Any user of the EMERSE API will need an account in EMERSE with the API_ACCESS
privilege granted. Once that privilege is granted, the user will be able to make a POST to /emerse/springmvc/api/search
. The body of the POST should be query parameters that should be sent to Solr. This means the body effectively has a content-type of application/x-www-form-urlencoded
, though the content-type header is not checked so it doesn’t need to be passed. The response is an exact copy of what Solr sent. Only the JSON format is supported. Requesting Solr to use a different response writer with &wt
will likely cause a 500 since we internally parse the JSON response and record MRNs and document IDs returned in the audit log.
Authentication
Users must also authenticate as a part of their POST. This can be done using basic authentication, or by using cookies. To use basic auth, send the `Authorization: ` header with the base64 encoding of your username and password separated by a colon, as per RFC7617.

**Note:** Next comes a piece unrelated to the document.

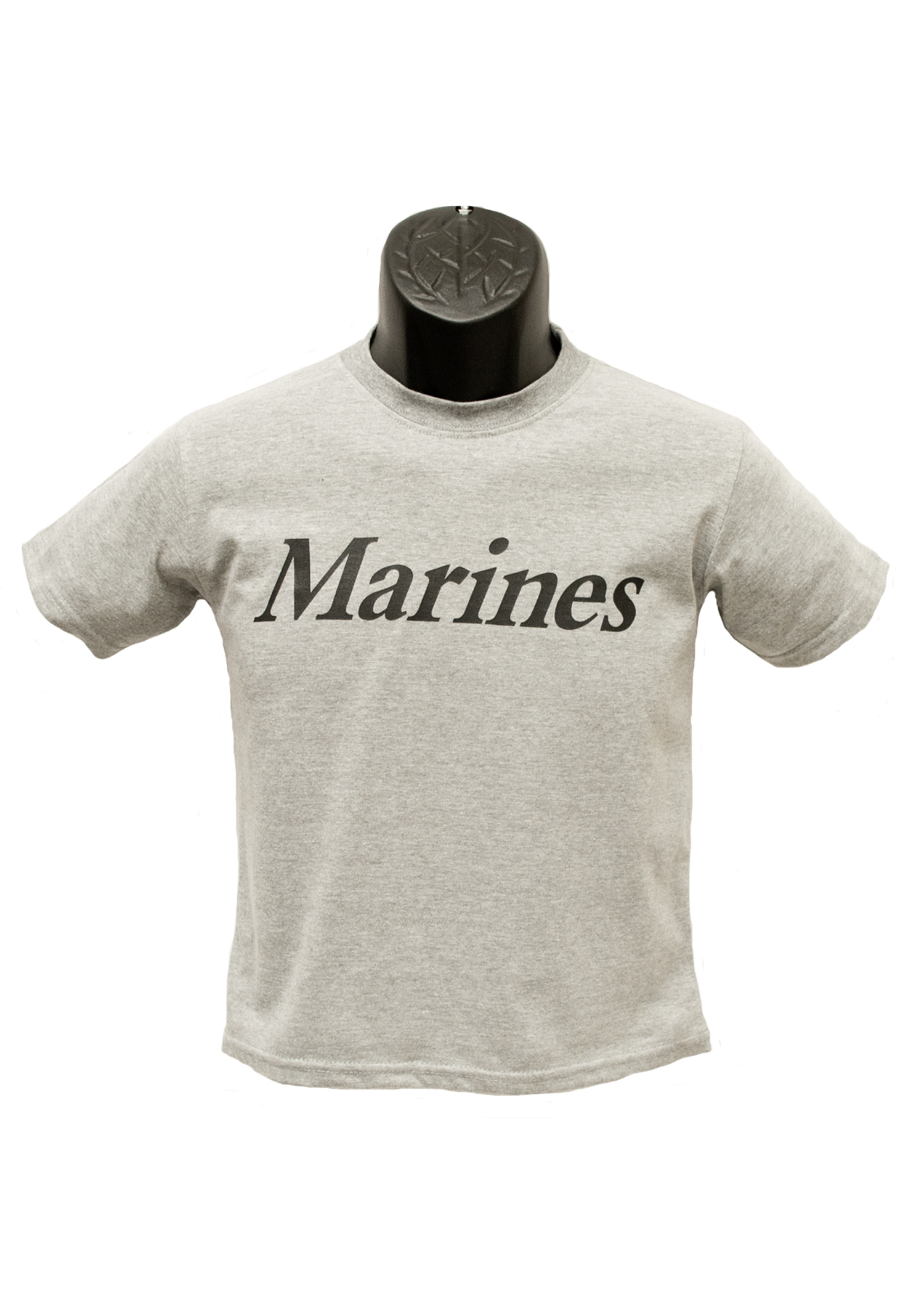 Jersey Grey Marines T-Shirt: Show your pride with one of our bold branch t-shirts. They are made from a 7oz 100% soft performance cotton. Screen printed and tagless for comfort. Kids love these comfortable shirts. Officially licensed.

Such a request may look like the following, where we’ve used the username emerse
and password demouser
. So, the text ZW1lcnNlOmRlbW91c2Vy
is the base64 encoding of emerse:demouser
. We also sent the Solr search parameters q=:&rows=0
to do a search for all documents, returning none of them, in order to get a count of all documents in the index.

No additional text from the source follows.